Assume we live in Utopia, where all people are honest and can be trusted. Great, we can send our precious NFTs first and just await for the arrival of the agreed on assets. Well, we don’t live in this world. It feels like there is an NFT scam happening every other day with people who are doing an over the counter trade, sending in good faith their NFT and never receiving something in return.

I have personally been an escrow for many NFT and ETH swaps. Today, people still rely on trusted members of the community. And it is great to have such people which you’ve never met in your life but whom you trust your most precious assets with. But we reached a point in NFT time where we see tweets about someone being tricked into doing an over the counter swap and loosing one or several NFTs or other assets to scammers on a daily level (have a look what happened to houghey.eth).

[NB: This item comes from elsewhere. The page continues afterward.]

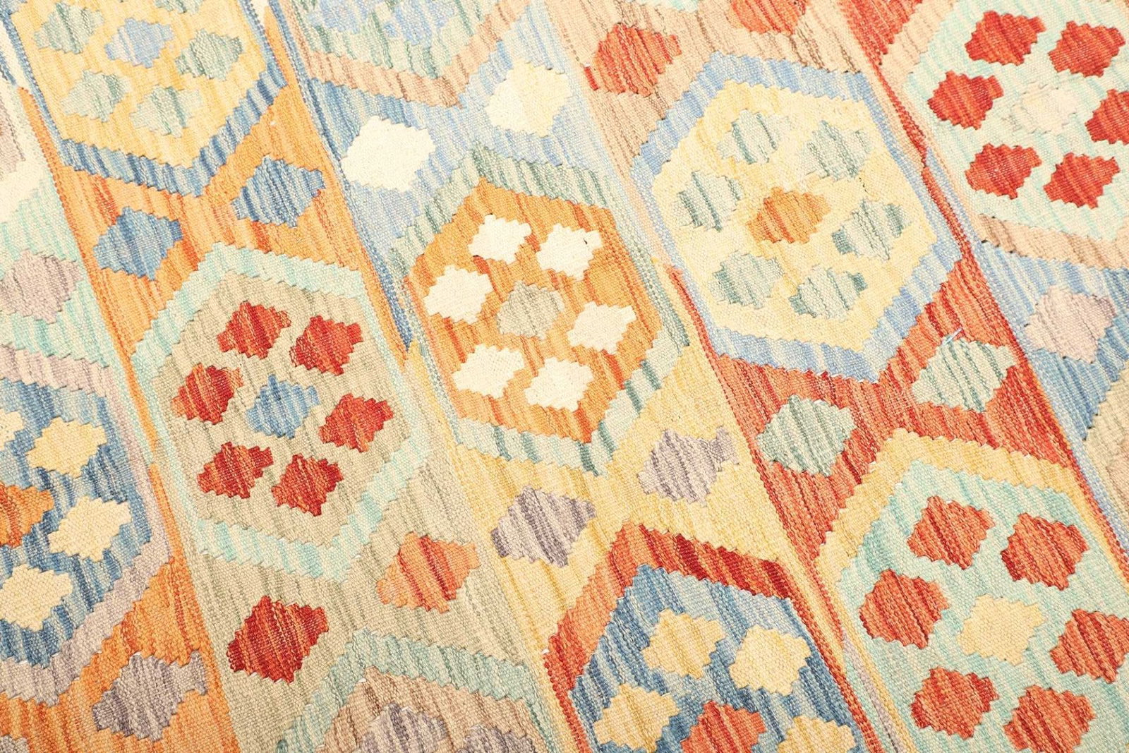 Kelim Teppich | Knotendichte: ca. 200.000 Knoten/m² | Material: 100% Schurwolle & 100% Baumwolle | Größe: 206×303 cm | Herkunft: Afghanistan | Zustand: Handgewebte Qualität | Höhe: ca. 5 mm

Knowing whom to trust in the anonymous world of blockchains is quite hard. With an ever growing number of anonymous users it gets even harder. The quantity of existing NFTs and NFT projects is growing exponentially. Without a trusted escrow, swapping NFTs is doomed to fail or simply be impossible in the future.

Swap.kiwi tackles the issue of trust by providing a trusted service dapplication users can rely on. The idea of swap.kiwi is fairly simple. Swap your NFTs with others. You can do so by swapping NFTs for other NFTs or do NFTs+ETH for NFTs.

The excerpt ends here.